- Also known as: 13eaver
- Origin: Amsterdam, Netherlands
- Genres: Rock, stoner rock
- Years active: 1988–2002 2011
- Labels: Elegy, W.E.R.K./WORKS, Man's Ruin
- Past members: Roel Schoenmakers Tos Nieuwenhuizen Eva Nahon Milo Beenhakker Joszja de Weerdt Guy Pinhas Klaas Kuitenbrouwer
- Website: 13eaver.nl

= Beaver (band) =

Dutch band

Beaver, or 13eaver as it is better known, was a Dutch stoner rock band. All of their CDs are considered rare, and are all out of print.

== History ==
Beaver appeared on the Amsterdam music scene in the late eighties. Founded by guitarist/lyricist Roel Schoenmakers and drummer Eva Nahon, their line-up stabilized in 1992 with the addition of bass player Milo Beenhakker and ex-God guitarist Joszja de Weerdt. They started playing out on the European stages, supporting bands like The Obsessed, Rollins Band, Melvins, Fugazi, Kyuss and Queens of the Stone Age.
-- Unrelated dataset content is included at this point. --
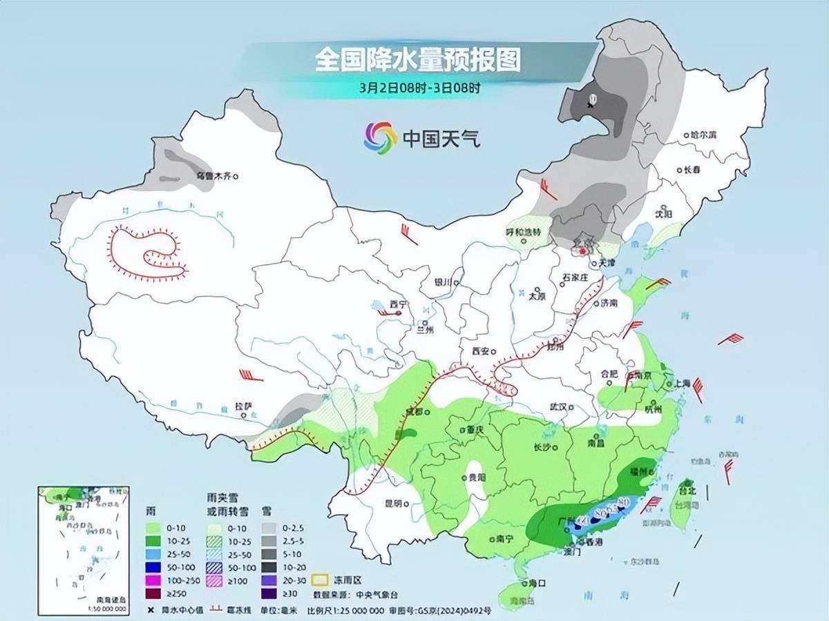 3月2日,内蒙古东部、东北地区西部、新疆北部、西藏东北部、华北北部、川西高原等地部分地区有小到中雪或雨夹雪,内蒙古东北部等地部分地区有大雪;福建中南部、广东大部、广西东部、台湾岛北部等地部分地区有中到大雨,福建东南部、广东中东部等地局部地区有暴雨。

The results of their first three recording sessions at the Via Ritmo studio in Rotterdam were released on CD by the local W.E.R.K./WORKS label in March 1996. 'B' (13eaver) contains one hour of their heavy rocking metascience-fictional blues. The next trip to the studio yielded the Josh Homme-produced "Green", the band's contribution to the genre-defining 'Burn One Up!' compilation that came out in January 1997. The Beaver rhythm section teamed up with Josh's 'Queens of the Stone Age' for the song '18 A.D.' This record got a lot of international press and put Beaver in the vanguard of the European scene.

In September 1997 their second album, 'The Difference Engine', was released by their new label Elegy. The album was written and recorded within weeks and captures the band in particular fine form, flaunting their trademark tortured guitar-riffing, odd time signatures and extragalactic soundscapes, lyrically hunted by the heaviness of the load.

The release of the Beaver/Queens of the Stone Age split-EP on Man's Ruin Records September 1998 exposed them to a worldwide audience and drew a lot of positive reactions from fans and music press.

In 1999 Beaver toured Europe twice. After three appearances at the 'Roadburn'-fest, they hit the road in February with Eindhoven's finest 35007. September saw their second tour, this time with Spirit Caravan. In between they recorded their second Man's Ruin-release at 'The Void'-studio in Eindhoven. 'Lodge' was released in October 1999 and received 4 K's in the British 'Kerrang'.

2000 kicked in with a show at the Hollywood 'Troubadour', with Guy Pinhas on bass and Tos Nieuwenhuizen on guitar, a pre-1992 line-up as a matter of fact. While visiting the States they got the go ahead to release a full-length album. Recording started July 2000. Meanwhile, Tos had become a full band member again, replacing Joszja as lead-guitarist. The new line-up took to the road in November 2000 and toured extensively all through Europe, visiting the UK for the first time.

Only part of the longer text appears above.